Written by Mollie G. Caplis.
My partner and I were never legally married, but we have children and assets. Can we use Collaborative Practice even though we are not married? How will that work?
The collaborative practice is a form of alternative dispute resolution (ADR) where participants work with a team of professionals to create their own agreements. The collaborative practice is not limited to collaborative divorce, so even if you are not married, you and your partner can work to resolve issues involving your children and assets in the collaborative process. From the outset, you and your partner need to voluntarily agree to enter into the collaborative practice, which begins by you each retaining a collaboratively trained attorney and entering into a Collaborative Participation Agreement.

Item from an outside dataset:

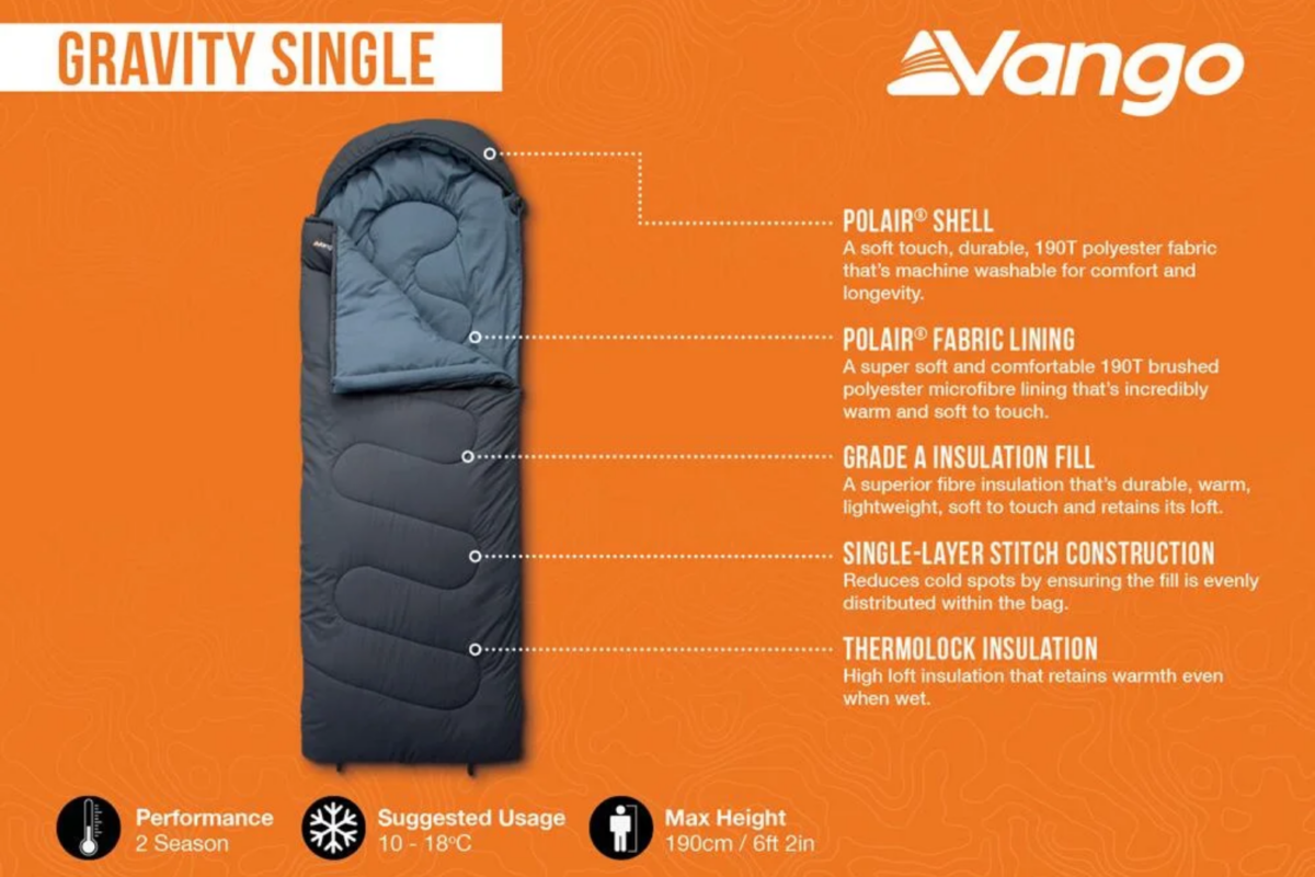 The Vango Gravity Single 2 Season sleeping bag delivers dependable warmth and comfort for spring and summer camping trips without breaking the bank. Designed with a square sleeping bag shape, it gives extra room to move at night and avoids the restriction of tapered designs. Moreover, Grade A ThermoLock insulation traps heat and retains loft — even if conditions turn damp. Furthermore, the soft Polair® shell and brushed lining feel gentle against your skin while staying durable and machine washable for easy care. In addition, practical touches like a shaped hood with a drawcord and a two-way zip help you manage ventilation as temperatures change. Whether you’re festival camping, heading out for a weekend break, or enjoying a simple overnight under canvas, the Gravity Single provides reliable comfort on every trip.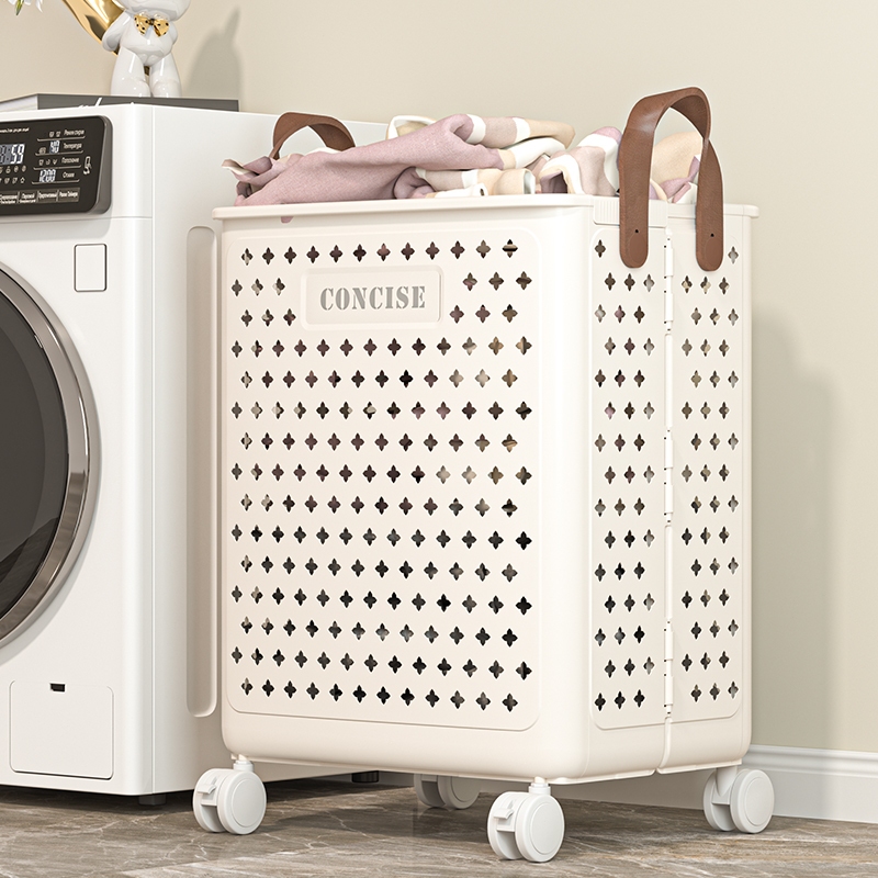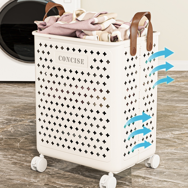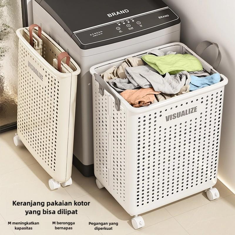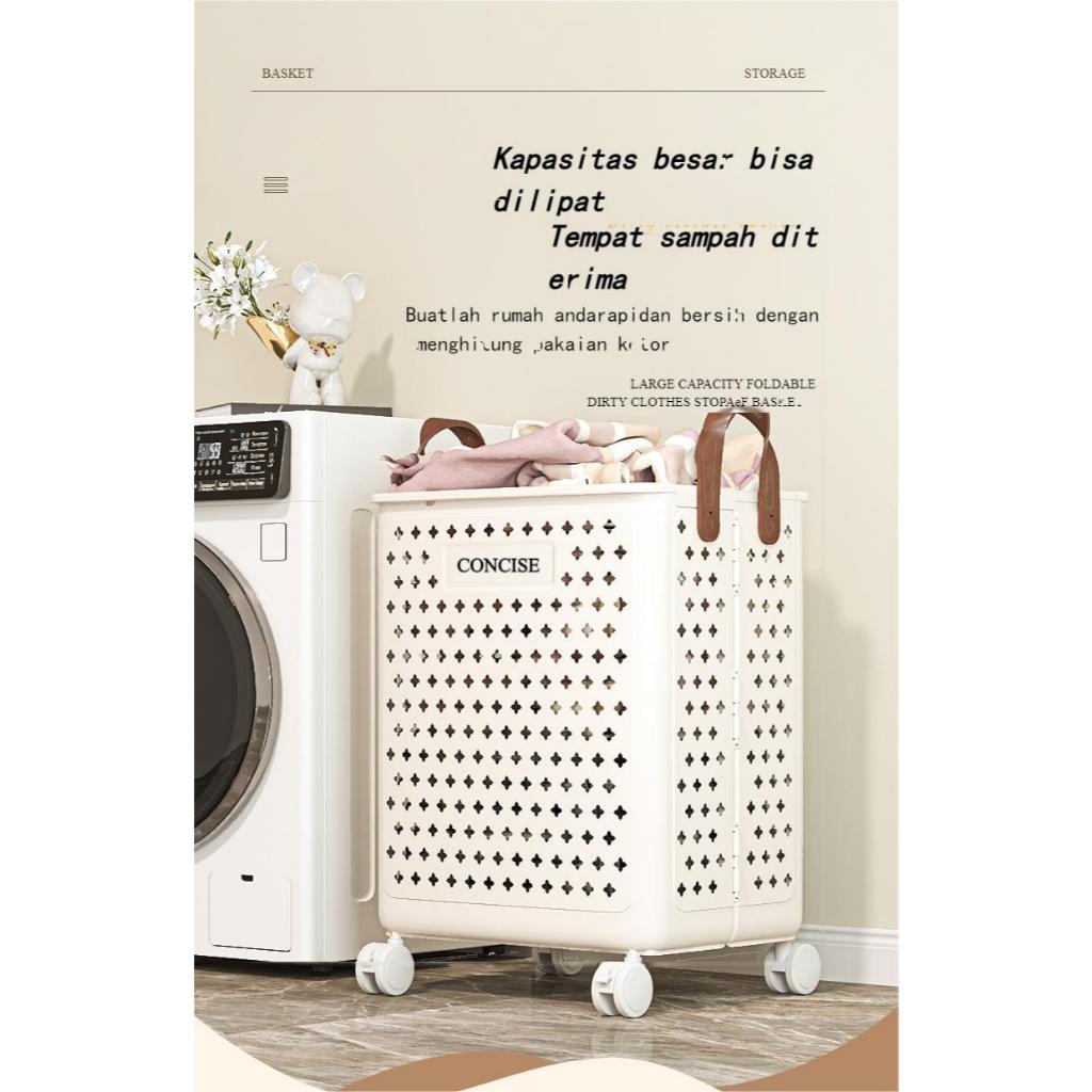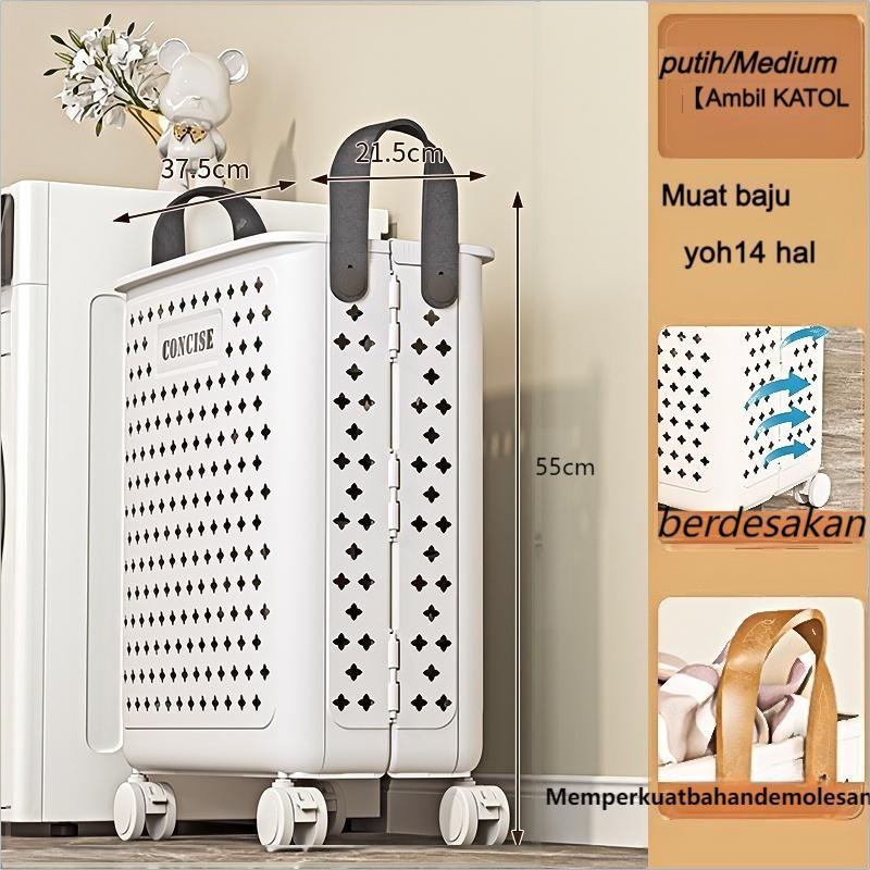 KERANJANG BAJU KOTOR LAUNDRY BASKET PLASTIK LIPAT DENGAN RODA KERANJANG PENYIMPANAN SERBAGUNA

From there, you, your partner, and the attorneys will hold informal meetings, during which time, you and your partner will initially decide on whether other collaboratively trained professionals, if any, are needed, such as a coach, child specialist, and perhaps a financial neutral, real estate or personal property appraiser, depending on the assets. A coach is a collaboratively trained mental health professional, whom helps couples manage their emotions and improve ways to communicate about sensitive and difficult issues in a business-like manner. A child specialist is also a collaboratively trained mental health professional, whom serves as a representative for the children to ensure that their preferences and concerns are considered, particularly as parents work with the coach to develop a parenting plan.
Through the course of informal meetings, the collaborative process strives to afford participants the opportunity to work in a respectful, amicable fashion with the goal of reaching an agreement that works best for your family. To that end, the goal will be to achieve a comprehensive, written parenting plan to address the issues of legal custody, i.e., who is responsible to make long range decisions for the children, as well as physical custody and visitation, i.e., the schedule for the children, which can cover a regular access schedule, as well as holidays, summers, vacations, etc. The attorneys will also help you and your partner consider the establishment of child support. Ultimately, upon reaching a global agreement on the issues involving your children and assets, the attorneys will prepare a consent order, which will be submitted to your local court for approval at the conclusion of the collaborative process.